If you go too deep meaning if you detect too many sensitive things too soon or at all, you may find yourself in an uncomfortable position since you have not prepared the chain of command and the business for what you will find. Personal experience tells me that you will not be seen as the savior you fashion yourself to be, but potentially an enemy of the state. The bodies you discover may eventually lead to your own undoing. Here are some tips on ensuring the proper depth and the structure you need to have in place prior to and during a DLP solution rollout:

1.             Determine the risk appetite of the company. Let them know that you are going to enable all filters for 1 week across all protocols and share this information only with senior members of Legal, Compliance, Privacy, HR, Internal Audit and the CIO.

a.       Have the vendors run the solution for 1 week prior to purchase (try before you buy).

b.      Compare results

c.       Examine false positives

d.      Brace them for what they may find. (I have found pornography, white supremacist activity, the buying and selling of AK47s, unsavory videos, credit cards flowing with impunity outside of the company along side of intellectual property, salary information, malware, adulterous activity, plots within plots within plans to subvert something or someone, social security numbers and corporate business plans, businesses being run off corporate servers; you get the idea.

2.             Establish policies ahead of the time to expand your coverage – (ensure you have air cover).

a.       These policies must be created with Legal, Compliance, Privacy, HR and the CIO.

b.      What are the corporate policies in place today supporting DLP?

                                                               i.      Is there an expectation of privacy for your users (employees, vendors, contractors) when using your assets?

                                                             ii.      Is HR prepared to sanction your users when data is discovered leaking?

1.       What data does HR and Legal care about – what is their risk appetite?

2.       Does your have the forensic resources to perform investigations in support of HR and Legal’s desired sanctions?

3.             Get your awareness plan updated and prepare to re-execute based upon your new and existing policies.

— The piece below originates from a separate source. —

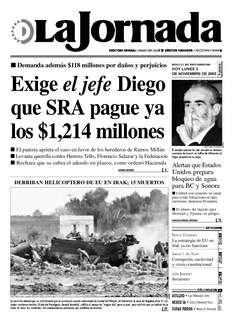 La nave fue abatida por un misil lanzado por la resistencia cuando sobrevolaba la ciudad de Fallujah, 50 kilómetros al oeste de Bagdad; otros 21 soldados resultaron heridos. El jefe del Pentágono, Donald Rumsfeld, calificó el ataque de "trágico día" para su país, pero advirtió que no saldrán de la zona. En otros dos incidentes, tres estadunidenses perecieron por estallidos de bombas FOTO AFP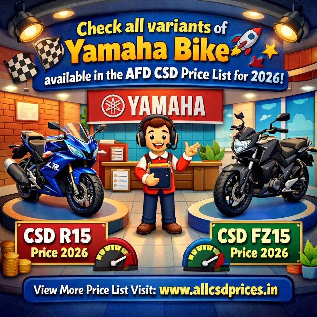 यामाहा बाइक CSD AFD ऑनलाइन कैंटीन 2026 सभी उपलब्ध वेरिएंट के लिए प्राइस लिस्ट

a.       Ensure you have procedures in place to execute the policies

b.      Determine what and how you will investigate based upon business requirements (risk appetite)

c.       What is the communication plan to your user community on the deployment and use of these tools and their understanding of corporate policy and associated sanctions?

4.             Ensure your data classification policies and procedures are up to date and plan to communicate these.

a.       Determine how you will consolidate the 20 copies you find of the same file containing intellectual property.

b.      Determine where you will store the reduce number of copies.

c.       Determine who owns the information.

d.      Determine access rules and rights.

e.      Determine any regulatory requirements over the discovered information including potential eDiscovery / Legal Hold issues.

f.        What data governance requirements and structure should you have in place to ensure success?

5.             Determine if the company wants to announce the use of such tools as deterrence or if they want to hide their usage (there are companies who believe that it is big brother to announce usage and not big brother by using them without announcement (go figure)).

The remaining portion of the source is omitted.